The temporal changes deduced from the LIRI data are used to reanalyze the ²⁰⁶Pb/²⁰⁴Pb, ²⁰⁷Pb/²⁰⁴Pb, and ²⁰⁸Pb/²⁰⁴Pb isotope ratios (Fig. 4). When the samples are grouped on the basis of temporal variation defined by the LIRI values, it is possible to distinguish paintings made in different periods of the 17th century. Paintings produced before 1642 have lower ²⁰⁸Pb/²⁰⁶Pb, ²⁰⁷Pb/²⁰⁶Pb, and ²⁰⁶Pb/²⁰⁴Pb compared to the paintings made between 1647 and 1680, while the paintings belonging to the transition period, 1642–1647, have intermediate values. The figure also establishes that the isotopic compositions of samples taken from paintings dated after 1680 are poorly constrained but indicate greater variation.

Fig. 4. Lead isotope ratios in time.

Three lead isotope figures reporting (A) ²⁰⁷Pb/²⁰⁴Pb versus ²⁰⁶Pb/²⁰⁴Pb and (B) ²⁰⁸Pb/²⁰⁴Pb versus ²⁰⁶Pb/²⁰⁴Pb for the studied lead white samples divided in temporal clusters identified used the LIRI (outliers are excluded from the diagrams). The cross in the top left corner indicates the long-term reproducibility of the method.

This approach establishes that LIRI proved to be a useful method to study lead isotope ratios of lead white, allowing identification of temporal clusters that can be used to better interpret the isotopic data of paintings and frame them in time.

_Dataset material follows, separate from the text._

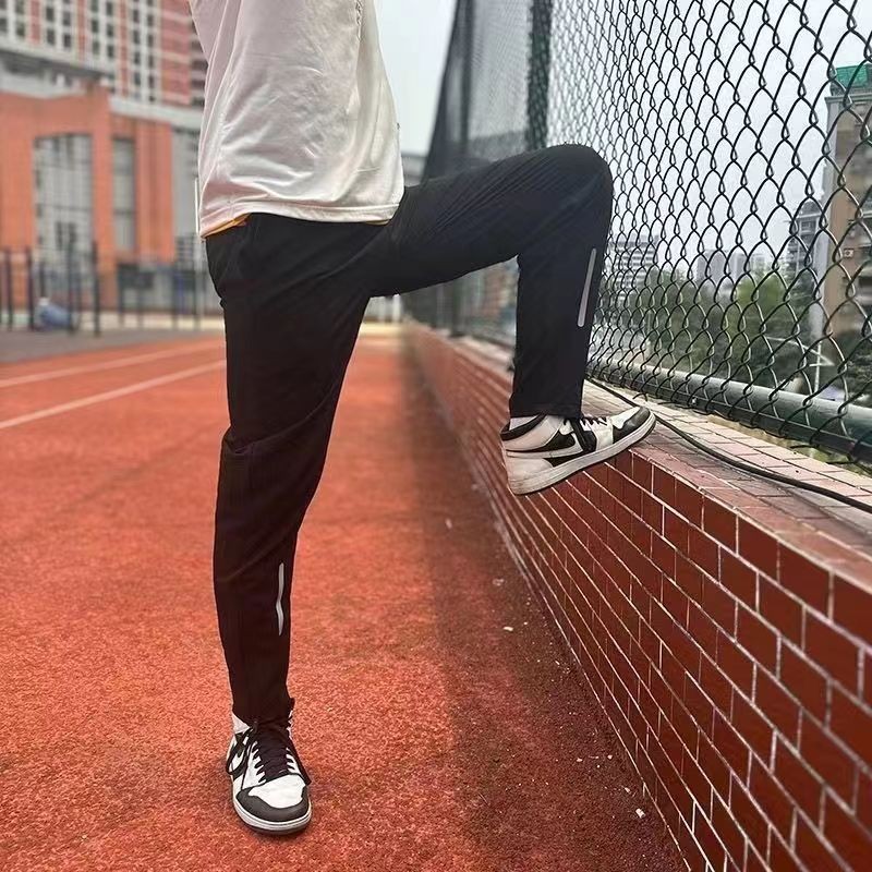 남성용 속건 루즈한 캐주얼 스포츠 바지 바지 달리기 피트니스 축구 트레이닝 바지 사계절 스트레이트 아이스 실크 남성 바지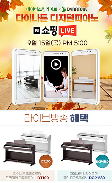 다이나톤 관계자는 “가을맞이 네이버 라이브방송 특가행사 진행하는 만큼 더 좋은 가격과 푸짐한 사은품 혜택을 준비 하였으니 이번 라이브방송을 통하여 전자피아노 구매를 생각하셨던 분들이 기회를 꼭 놓치지 않고 구매하시어 다이나톤과 함께 화목하고 즐거운 가정이 되셨으면 좋겠다”라고 전했다

Moreover, this method also allows a comparison between the data in this study with older data. Figure 2 includes the data from Frans Hals by Tummers et al. (29) (Hals F. bis in the legend), and it is possible to see that the isotopic composition of lead white of these samples is consistent with the trend identified for 17th century Dutch paintings.

Variation of lead isotope ratios within and between paintings

To fully comprehend the significance of the observed isotopic variation in 17th century Dutch paintings, it is important to address the isotopic heterogeneity present within a single painting (6). This question is particularly important, as lead white is used in multiple ways in the build-up of a painting (12, 23, 24). Examinations of 17th century Dutch paintings indicate that most artists used different quality lead whites in the same painting. Although there are some variations, in general the highest quality with a finer grain size and greater purity was used for the highlights, whereas a less pure pigment with a more heterogeneous grain size was often used for other paint and ground layers or as a siccative added to the oil. D’Imporzano et al. (6) found that lead isotope values within individual paintings vary by up to four times the analytical uncertainty (2 SD) in ²⁰⁶Pb/²⁰⁴Pb, equal to a 10th of the variation of Dutch paintings in this study (44.5, 2 SD; Fig. 5, A and B).

Fig. 5. LIRI and heterogeneity of lead isotope ratios of lead white.

Three lead isotope figures reporting (A) ²⁰⁷Pb/²⁰⁴Pb versus ²⁰⁶Pb/²⁰⁴Pb and (B) ²⁰⁸Pb/²⁰⁴Pb versus ²⁰⁶Pb/²⁰⁴Pb for the studied lead white samples divided in temporal clusters identified used the LIRI (outliers are excluded from the diagrams). (C) LIRI values of the same samples. Lead isotope heterogeneity of lead white within individual paintings presented per artist. The cross in the top left corner indicates the long-term reproducibility of the method.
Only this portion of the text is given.